YOUR GOAL → Write out the whole listing again so that each line matches the original.

DATA EXTRACT →
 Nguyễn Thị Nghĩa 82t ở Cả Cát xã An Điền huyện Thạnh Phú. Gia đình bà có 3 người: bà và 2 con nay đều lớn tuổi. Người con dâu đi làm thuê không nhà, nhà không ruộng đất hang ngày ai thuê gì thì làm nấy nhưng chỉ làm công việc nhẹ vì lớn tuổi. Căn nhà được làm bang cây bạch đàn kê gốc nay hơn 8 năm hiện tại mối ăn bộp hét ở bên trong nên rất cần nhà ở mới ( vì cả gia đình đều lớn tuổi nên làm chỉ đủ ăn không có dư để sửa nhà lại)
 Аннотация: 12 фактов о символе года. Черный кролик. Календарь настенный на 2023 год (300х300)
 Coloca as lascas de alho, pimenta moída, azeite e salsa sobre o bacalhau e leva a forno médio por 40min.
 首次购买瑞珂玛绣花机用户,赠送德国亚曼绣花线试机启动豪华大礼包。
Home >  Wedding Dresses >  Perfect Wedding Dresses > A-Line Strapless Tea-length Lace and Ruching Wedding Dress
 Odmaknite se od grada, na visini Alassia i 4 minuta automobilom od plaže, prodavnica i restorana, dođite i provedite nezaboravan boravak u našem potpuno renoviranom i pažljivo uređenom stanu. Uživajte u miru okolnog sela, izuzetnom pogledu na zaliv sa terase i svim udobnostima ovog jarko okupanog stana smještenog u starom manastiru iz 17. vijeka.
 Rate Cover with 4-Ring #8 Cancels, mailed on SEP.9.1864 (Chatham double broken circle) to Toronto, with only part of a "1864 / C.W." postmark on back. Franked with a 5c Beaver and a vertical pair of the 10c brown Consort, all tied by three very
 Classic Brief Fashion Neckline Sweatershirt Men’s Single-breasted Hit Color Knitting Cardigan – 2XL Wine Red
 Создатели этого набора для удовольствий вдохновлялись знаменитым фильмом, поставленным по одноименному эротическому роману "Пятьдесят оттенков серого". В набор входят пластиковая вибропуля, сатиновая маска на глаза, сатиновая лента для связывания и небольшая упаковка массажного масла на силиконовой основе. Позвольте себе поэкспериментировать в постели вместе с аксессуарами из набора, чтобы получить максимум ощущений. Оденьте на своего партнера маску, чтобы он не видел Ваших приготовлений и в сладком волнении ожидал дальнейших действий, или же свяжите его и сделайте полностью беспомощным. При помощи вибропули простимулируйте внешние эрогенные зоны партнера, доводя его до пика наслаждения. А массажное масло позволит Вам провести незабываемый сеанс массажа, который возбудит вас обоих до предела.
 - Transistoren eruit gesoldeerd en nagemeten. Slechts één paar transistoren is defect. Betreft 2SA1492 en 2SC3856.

RESPONSE AREA →
 Nguyễn Thị Nghĩa 82t ở Cả Cát xã An Điền huyện Thạnh Phú. Gia đình bà có 3 người: bà và 2 con nay đều lớn tuổi. Người con dâu đi làm thuê không nhà, nhà không ruộng đất hang ngày ai thuê gì thì làm nấy nhưng chỉ làm công việc nhẹ vì lớn tuổi. Căn nhà được làm bang cây bạch đàn kê gốc nay hơn 8 năm hiện tại mối ăn bộp hét ở bên trong nên rất cần nhà ở mới ( vì cả gia đình đều lớn tuổi nên làm chỉ đủ ăn không có dư để sửa nhà lại)
 Аннотация: 12 фактов о символе года. Черный кролик. Календарь настенный на 2023 год (300х300)
 Coloca as lascas de alho, pimenta moída, azeite e salsa sobre o bacalhau e leva a forno médio por 40min.
 首次购买瑞珂玛绣花机用户,赠送德国亚曼绣花线试机启动豪华大礼包。
Home >  Wedding Dresses >  Perfect Wedding Dresses > A-Line Strapless Tea-length Lace and Ruching Wedding Dress
 Odmaknite se od grada, na visini Alassia i 4 minuta automobilom od plaže, prodavnica i restorana, dođite i provedite nezaboravan boravak u našem potpuno renoviranom i pažljivo uređenom stanu. Uživajte u miru okolnog sela, izuzetnom pogledu na zaliv sa terase i svim udobnostima ovog jarko okupanog stana smještenog u starom manastiru iz 17. vijeka.
 Rate Cover with 4-Ring #8 Cancels, mailed on SEP.9.1864 (Chatham double broken circle) to Toronto, with only part of a "1864 / C.W." postmark on back. Franked with a 5c Beaver and a vertical pair of the 10c brown Consort, all tied by three very
 Classic Brief Fashion Neckline Sweatershirt Men’s Single-breasted Hit Color Knitting Cardigan – 2XL Wine Red
 Создатели этого набора для удовольствий вдохновлялись знаменитым фильмом, поставленным по одноименному эротическому роману "Пятьдесят оттенков серого". В набор входят пластиковая вибропуля, сатиновая маска на глаза, сатиновая лента для связывания и небольшая упаковка массажного масла на силиконовой основе. Позвольте себе поэкспериментировать в постели вместе с аксессуарами из набора, чтобы получить максимум ощущений. Оденьте на своего партнера маску, чтобы он не видел Ваших приготовлений и в сладком волнении ожидал дальнейших действий, или же свяжите его и сделайте полностью беспомощным. При помощи вибропули простимулируйте внешние эрогенные зоны партнера, доводя его до пика наслаждения. А массажное масло позволит Вам провести незабываемый сеанс массажа, который возбудит вас обоих до предела.
 - Transistoren eruit gesoldeerd en nagemeten. Slechts één paar transistoren is defect. Betreft 2SA1492 en 2SC3856.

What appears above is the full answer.